There are a lot of state laws that I don't have the power to enforce, littering, murder, adultery. I only enforce the PA Uniform Construction Code. The plans don't indicate that there were any alarms before. I don't know how old the apartment building is and we only stared codes 15 years ago.


----------



## mtlogcabin (Jul 23, 2019)

We have the same language in our state code for residential dwelling units. It even required CO detectors long before they where in the codes. I would just give them a copy of the law and tell them they needed to be there. Nobody ever argued or said no I will not do it. You never know if you do not try


----------



## Rick18071 (Jul 23, 2019)

I can't find the actual state law on line.


----------



## cda (Jul 23, 2019)

http://wchapa.org/wp-content/uploads/2013/02/Carbon-Monoxide-Alarm-Law.pdf


----------



## cda (Jul 23, 2019)

https://www.sapling.com/8590937/pennsylvania-landlord-smoke-detector-requirements


----------



## jar546 (Jul 23, 2019)

What percentage of the building envelope do the apartments occupy?
Unit 3 is definitely Level 2 or higher depending on the answer to the above question.


----------



## jar546 (Jul 23, 2019)

Unit 1 is the only unit that can possibly fall under _Repairs_


----------



## jar546 (Jul 23, 2019)

Rick18071 said:


> I can't use 2012 IBC Chapter 34, we never used 2012 icodes. We went from 2009 to 2015 which does not have a Chapter 34.
> This is not an alteration, it's a repair.



Only one apartment is a repair, the others are a renovation level.


----------



## Rick18071 (Jul 24, 2019)

cda thanks for the links but the first on is just CO2 alarms which the IFC already requires in existing buildings.

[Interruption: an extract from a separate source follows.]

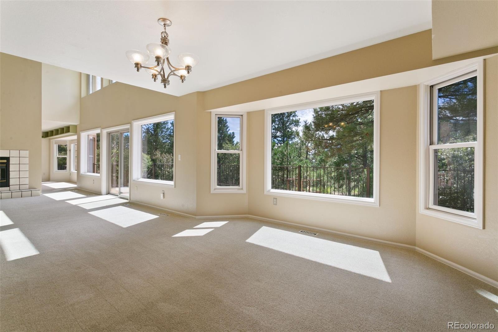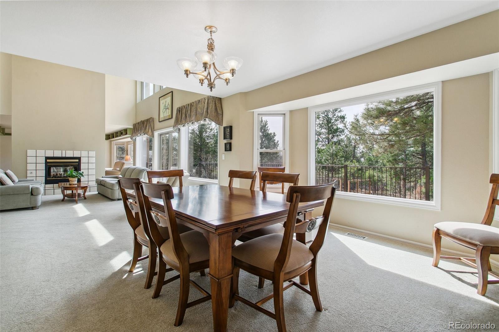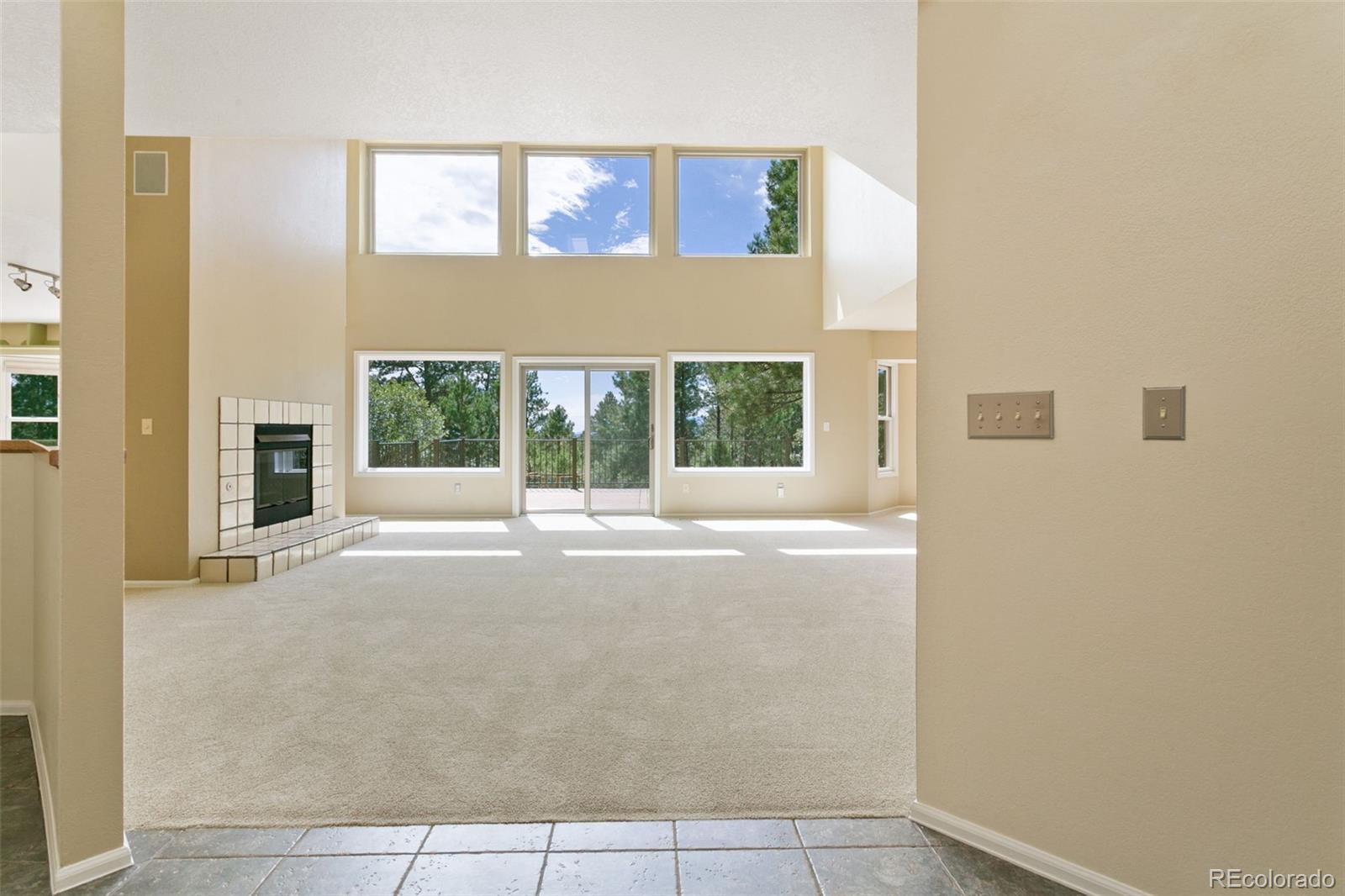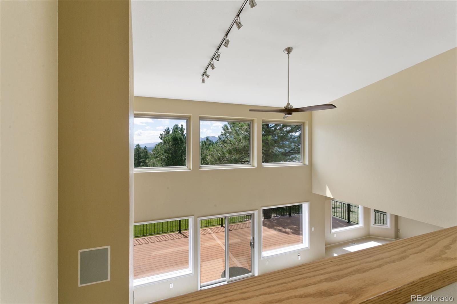The Pikes Peak and front range views from this Woodmoor home are spectacular! Almost 1 acre on a quiet cul de sac. Move in ready. Everything about this home has been meticulously cared for by the owners and it shines. Stucco and stone exterior. Extensive interior and exterior upgrades completed in the past few years. Check out the views from the primary suite! Just a few of the amazing features include a double-sided fireplace, soaring ceilings, hardwood and tile floors, plenty of natural light, recently upgraded kitchen, quartzite and engineered stone counters, maple cabinets, a cute kitchen bench with seating by a picture window, double stainless-steel ovens and more! There is a main level bedroom with hardwood flooring, picture window and a 3/4 bath located next to it. The primary bath includes a jetted tub, 5-piece bath and a walk-in California closet. The two upper guest bedrooms share a jack and jill bathroom with a shower. The basement includes a wet bar with beer tap, pool table, pool sticks, pool stick mount, gas fireplace, speakers and a mounted television. Newer carpeting has been added. Central air was added in 2023. The main level laundry room features cabinets, built in ironing board and washer/dryer included. The 3-car garage includes a workshop/workbench and storage shelves. The backyard has a storage shed and fenced protected garden perfect for plants and vegetables. Plenty of storage space including a crawl space in the basement. Circular driveway in front of the home with additional parking spaces for guests. Relax on the huge newer composite deck with a retractable awning and listen to the bubbling fountain along with the sound of the breezes thru the pine trees. Easy access to local trails, shopping, restaurants and easy access to I-25 for a commute to Denver or Colorado Springs. This home really does have it all. Welcome home!!

The second lick is just from an investment company which I can't use.

mtlogcabin - Exceptions:
1. Where the code that was in effect at the time of construction required smoke alarms and smoke alarms complying with those requirements are already provided.


----------



## jar546 (Jul 24, 2019)

Then don't worry about asking them to put in smoke detectors for repairs or level 1 alterations.  You have no authority to do so according to your code research.


----------



## cda (Jul 24, 2019)

There appears to be a Pa requirement for them

Call the labor and state fire marshal direct


----------